Наконец-то я сижу в купированном вагоне поезда, уносящего меня в Москву. Получить место в вагоне было большой проблемой. Владивосток был просто наводнен народом. Мне казалось, что людей в погонах значительно больше, нежели гражданского населения. И вот всем этим военным срочно требовалась отбыть в европейскую часть России, и обязательно в то же время, когда и мне также необходимо ехать. Помог с билетом мой куратор и благодетель полковник Терехов. С кем он там общался, мне неизвестно, но билет у меня появился.

В попутчики мне досталась семья пожилого купца Ивана Иннокентьевича Галышева. Сам купец, его супруга Аглая Сидоровна, располневшая до неимоверных размеров сварливая женщина, а также их худой и прыщавый сын Арсений, студент Московского университета. Соседство скажем так, не очень спокойное. Не было ни одной спокойной минуты днем, чтобы Аглая Сидоровна кого-то из родственников не отчитывала, то мужа, то сына. А ночью все семейство хором выдавало арии храпа. Создавалось впечатление, что от этих звуков окно в моем и соседнем купе сотрясалось. Хорошо, что со мной непосредственно соседствовал Арсений, представляю, какое рулады выдавал бы кто-то из его родителей.

Иван Иннокентьевич рассказывал, что посещал Владивосток по делам коммерции, а семья за ним увязалась с целью расширения кругозора и получения положительных впечатлений. Кругозор, может, жена и сын расширили, но купцу настроение портили каждый день и основательно.

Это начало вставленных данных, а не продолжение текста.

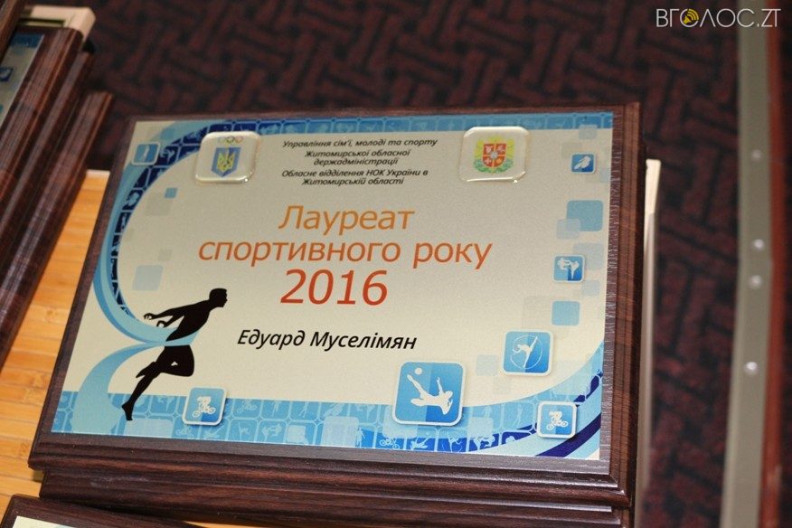 У Житомирі 27 грудня підбили підсумки 2016 спортивного року та нагородили кращих спортсменів та їхніх тренерів за успішні виступи. Нагороди також отримали спортивні журналісти. Кращих лауреатів визначали у кількох номінаціях, зокрема «Кращий спортсмен року з олімпійських видів спорту», «Кращий тренер з олімпійських видів спорту», «Кращий тренер з неолімпійських видів спорту», «Найкраще спортивне місто» тощо.
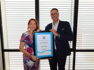 Finalmente, en el marco de la Asamblea General de Socios, Conrad Bergwerf entregó una constancia como nuevo socio honorario de la agrupación a la Presidente de Meeting Professionals International (MPI Caribe Mexicano), Valeria Serrano.

Я старался не вступать с попутчиками в пространные беседы. Был подчеркнуто вежлив. В основном я изучал специальную литературу, которой снабдил меня на дорогу Терехов. В Москве, по словам Александра Петровича, его знакомый передаст мне кучу литературы, необходимой для подготовки к сдаче экзаменов в Николаевскую академию генерального штаба. Терехов сообщил мне адрес своего знакомого, проживающего в Москве.

Читать – то я читал, но больше думал о своих родных. Почему они молчат сколько времени? Что там такое случилось? Одни вопросы. Ответов я не находил, а строил предположения, одно страшнее другого. Я хотел, как можно скорей попасть в Шпреньгринштадт, чтобы выяснить все на месте. На время моего прибытия домой влияла скорость движения поезда. Иногда казалось, он двигался не быстрее пешехода, даже возникало желание выйти и подтолкнуть его.

В Иркутске состав загнали в тупик и отцепили паровоз. Вагоновожатый причину толком объяснить не мог.

Одевшись, я отправился к зданию вокзала в попытке прояснить обстановку. Вся территория вокзала была оцеплена войсками. По главному пути на запад уходили воинские эшелоны. На перроне и в здании вокзала большое количество жандармов. К одному из них, ротмистру, я обратился за разъяснениями, но он меня переадресовал к военному коменданту.

От информации, услышанной из уст коменданта я чуть ли не сел на задницу. Оказывается, несколько дней назад в разных городах европейской части России, в том числе в столице, в одночасье произошло большое количество террористических актов. По словам коменданта, император Николай II, его жена Александра Федоровна и наследник престола цесаревич Алексей погибли от разрыва брошенной в автомобиль бомбы. В общей сложности погибло пятеро Великих князей, а других высокопоставленных чиновников и государственных деятелей более двух десятков. Оставшиеся в живых представители императорской фамилии присягнули на верность Михаилу Александровичу. Сейчас к столице и в другие города стягиваются верные императору войска для наведения порядка и противодействия новым террористическим актам. В связи с этим наш поезд будет отправлен по назначению через сутки.

Да, вот и поехал поступать в академию, а столицу сотрясают взрывы, от которых гибнет император с семьей. Куда смотрели соответствующие службы? Неужели нельзя было защитить августейших особ? Вопросы я задаю сам себе и сам же на них пытаюсь найти ответ. Найти не получается. Не владею я информацией, провел много времени в отрыве от жизни центральных областей страны. Ладно, попаду в Москву, попытаюсь выяснить подробней.

Купцу Галышеву с семейством, я ничего не сказал, сослался на большое количество жандармов.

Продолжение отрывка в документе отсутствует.